Assigned task:
Below are some records. Retype exactly the lines from the one containing "Self-Active graphene superconducting" through the one containing "Электрогрелка 32*32см Электрическая", both included, skipping every picture.

Data to examine:
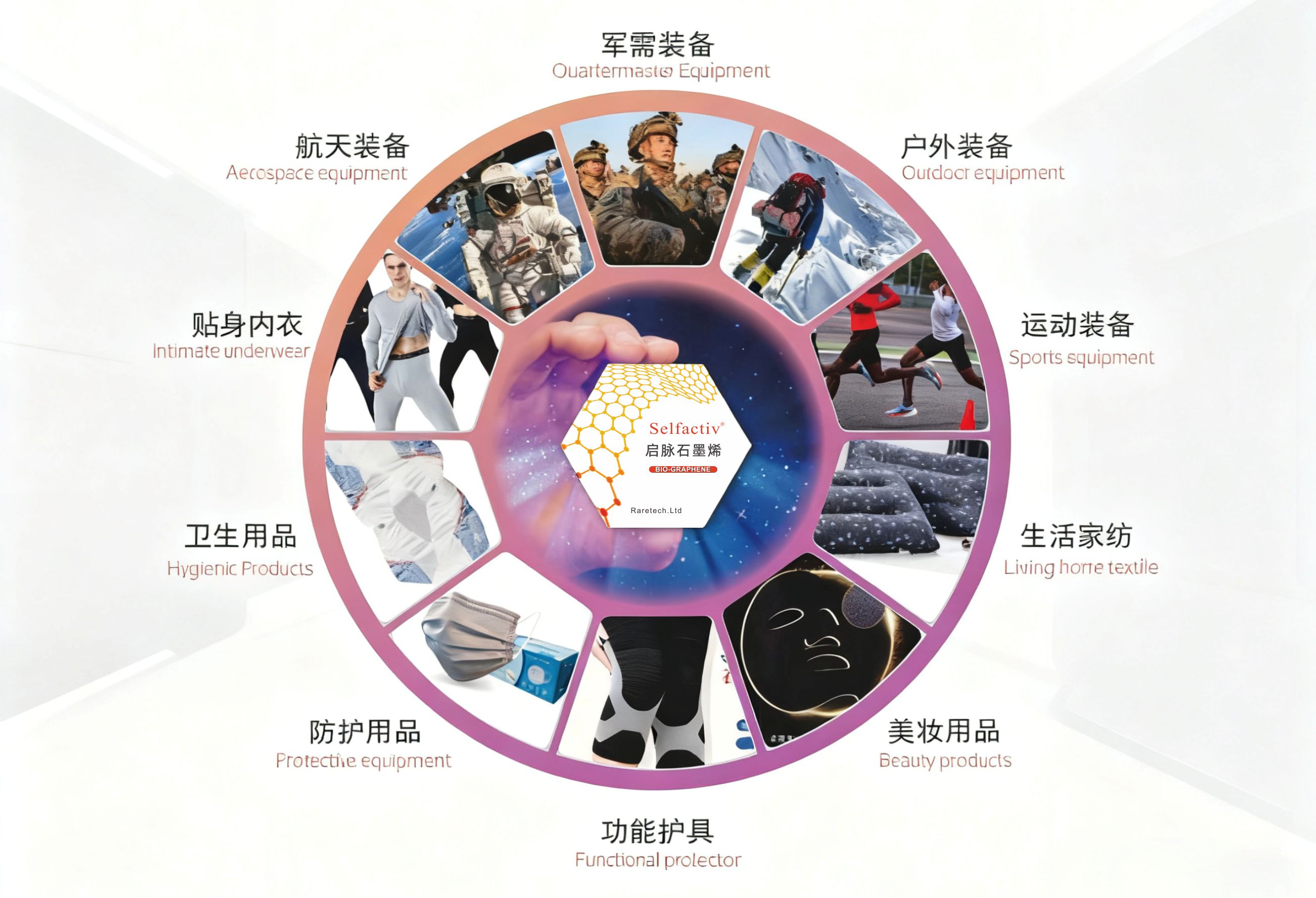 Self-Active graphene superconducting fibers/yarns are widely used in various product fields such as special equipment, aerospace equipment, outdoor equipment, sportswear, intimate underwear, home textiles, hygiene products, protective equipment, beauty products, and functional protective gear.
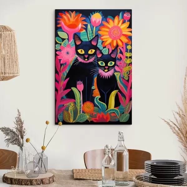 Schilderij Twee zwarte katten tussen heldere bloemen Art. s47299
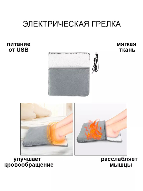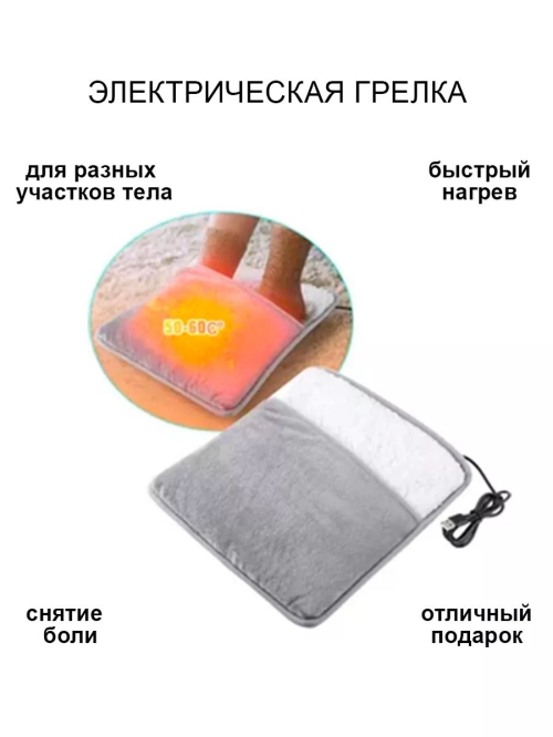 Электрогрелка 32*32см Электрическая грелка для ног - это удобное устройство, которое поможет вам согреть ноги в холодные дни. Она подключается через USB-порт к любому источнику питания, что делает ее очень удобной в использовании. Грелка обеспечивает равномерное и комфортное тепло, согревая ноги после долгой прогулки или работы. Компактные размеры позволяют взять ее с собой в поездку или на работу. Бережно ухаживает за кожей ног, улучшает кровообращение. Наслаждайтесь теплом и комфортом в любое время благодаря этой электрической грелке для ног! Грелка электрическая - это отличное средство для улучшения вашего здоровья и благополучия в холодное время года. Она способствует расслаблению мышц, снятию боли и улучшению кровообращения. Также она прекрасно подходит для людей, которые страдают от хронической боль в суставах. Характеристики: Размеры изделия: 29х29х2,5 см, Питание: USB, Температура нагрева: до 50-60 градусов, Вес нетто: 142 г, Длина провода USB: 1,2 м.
==
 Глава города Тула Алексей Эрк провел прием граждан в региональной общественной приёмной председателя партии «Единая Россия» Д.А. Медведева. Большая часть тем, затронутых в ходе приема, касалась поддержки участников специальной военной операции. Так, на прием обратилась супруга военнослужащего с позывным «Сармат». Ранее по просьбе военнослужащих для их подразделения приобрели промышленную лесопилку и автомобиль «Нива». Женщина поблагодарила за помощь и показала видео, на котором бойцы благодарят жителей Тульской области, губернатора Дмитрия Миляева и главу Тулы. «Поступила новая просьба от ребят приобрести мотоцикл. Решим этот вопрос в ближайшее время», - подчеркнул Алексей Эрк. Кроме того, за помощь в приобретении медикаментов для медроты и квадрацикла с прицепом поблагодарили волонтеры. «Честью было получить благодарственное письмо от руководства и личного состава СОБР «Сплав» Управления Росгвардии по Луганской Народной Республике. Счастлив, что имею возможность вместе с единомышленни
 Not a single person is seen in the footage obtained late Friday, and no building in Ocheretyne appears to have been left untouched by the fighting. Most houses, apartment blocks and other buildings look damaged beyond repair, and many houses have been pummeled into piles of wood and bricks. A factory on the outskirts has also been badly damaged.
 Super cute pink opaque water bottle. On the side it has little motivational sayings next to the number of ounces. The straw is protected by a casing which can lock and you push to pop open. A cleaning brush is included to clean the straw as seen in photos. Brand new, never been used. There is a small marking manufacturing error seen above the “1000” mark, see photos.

Result:
 Self-Active graphene superconducting fibers/yarns are widely used in various product fields such as special equipment, aerospace equipment, outdoor equipment, sportswear, intimate underwear, home textiles, hygiene products, protective equipment, beauty products, and functional protective gear.
 Schilderij Twee zwarte katten tussen heldere bloemen Art. s47299
 Электрогрелка 32*32см Электрическая грелка для ног - это удобное устройство, которое поможет вам согреть ноги в холодные дни. Она подключается через USB-порт к любому источнику питания, что делает ее очень удобной в использовании. Грелка обеспечивает равномерное и комфортное тепло, согревая ноги после долгой прогулки или работы. Компактные размеры позволяют взять ее с собой в поездку или на работу. Бережно ухаживает за кожей ног, улучшает кровообращение. Наслаждайтесь теплом и комфортом в любое время благодаря этой электрической грелке для ног! Грелка электрическая - это отличное средство для улучшения вашего здоровья и благополучия в холодное время года. Она способствует расслаблению мышц, снятию боли и улучшению кровообращения. Также она прекрасно подходит для людей, которые страдают от хронической боль в суставах. Характеристики: Размеры изделия: 29х29х2,5 см, Питание: USB, Температура нагрева: до 50-60 градусов, Вес нетто: 142 г, Длина провода USB: 1,2 м.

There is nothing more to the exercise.